People love their earbuds, but the world has its own interesting soundtrack. []

People love their earbuds, but the world has its own interesting soundtrack. []

I'm not sure when headphones became almost a mandatory part of everyday life.

I mean, back in the day we only used headphones to experience Pink Floyd albums while reclined in solitude on bean bag chairs in a lowly lit room. Ripple wine, optional.

Now we use headphones (or ear buds) for everything. Most people can't go for their morning walk or run without plugging to their "inspirational" music. We listen to books through headphones. My pastor has recommended using headphones and Bible apps that will read the Holy Scripture to the listener while they work out at the gym.

I have my own playlists — classic rock, mixed with some Adele, Alison Krauss, Casting Crowns, Neil Young, Red Hot Chili Peppers, the Hamilton soundtrack. I'm all over the board.

Tuning in can be risky, though.

True story: I almost got smashed by a car backing out of a driveway on one of my morning jaunts through the neighborhood. Yes, I had headphones tuned to AC/DC or something like that. I failed to hear the car as it began to back up and the driver didn't see me.

I was properly chastised for that by Bill Ward, who used to be a fine newspaper writer and now serves as spokesman/flack for Property Appraiser Bob Henriquez. He said never to wear headphones on a run or walk through a busy neighborhood.

Those are wise words that I have continued to ignore. But after I recently wrote a story about wilderness camps, maybe it was time to rethink the whole headphone thing.

Being unplugged is part of the deal at that camp in the north Georgia mountains. People shared stories of heightened spiritual feelings while hearing the sounds of nature — the wind shifting the limbs of giant trees, the differing calls from creatures of the forest, or the distant rumble of an approaching storm.

So, I tried it.

It was a little weird at first, to be honest.

I do about an hour-long brisk walk most mornings. The music helps me drown out protests from the inner lazy slug that is trying to remind I'd be a lot more comfortable at home in air conditioning.

The first thing I noticed was the hum of cars as they went up and down a busy street adjacent to my neighborhood. We live near a couple of big lakes and the water attracts a lot of ducks. I have seen them many times but on that morning I heard them. Very noisy. Pretty cool.

Do you know rabbits can make a sound as they rush off through tall grass and into a wooded conservation preserve? It's kind of a quiet rustling as they duck into the brush.

I'm not an expert on birds but I started noticing that their sounds are distinct.

Later at my gym, I gulped hard and went unplugged, prepared to hear the sound oxygen makes when being exhaled from my lungs.
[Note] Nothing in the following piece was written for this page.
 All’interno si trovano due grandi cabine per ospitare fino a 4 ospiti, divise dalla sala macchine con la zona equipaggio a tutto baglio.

Understand that if they're working out by themselves, almost everyone at the gym uses ear buds or some other kind of sound-delivering device.

I've been going to this gym for several years but never noticed how the piped-in music competes with the clank of weights as they return to their rack. It's almost rhythmic.
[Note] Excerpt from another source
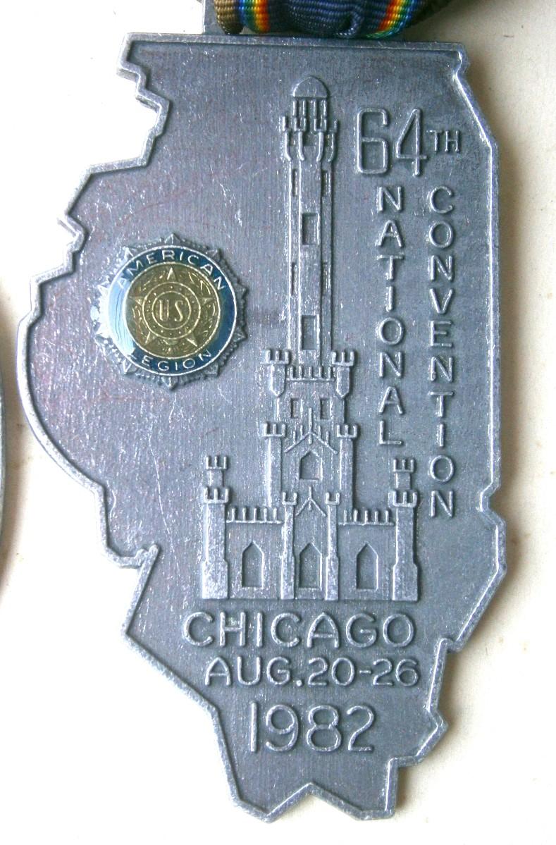 3 Vintage American Legion National Convention Medals, 1982 Chicago, 1983 Seattle Washington, & 1985 New Orleans, made of cast metal, 1 3/4 to 2 1/4 in. tall (medals only).

There was a basketball game going on in the gym there. I had forgotten how the squeak of sneakers sounds against the floor, or the rhythmic cadence of a bouncing basketball.

There is a whole world of sound out there just waiting to be heard. Amazingly enough, the time actually seemed to go by faster without the distraction of a soundtrack. I can't say I'm a total convert, but it was an ear-opening experience.

Henderson: An ear's guide to life, unplugged 07/19/17 [Last modified: Wednesday, July 19, 2017 3:10pm]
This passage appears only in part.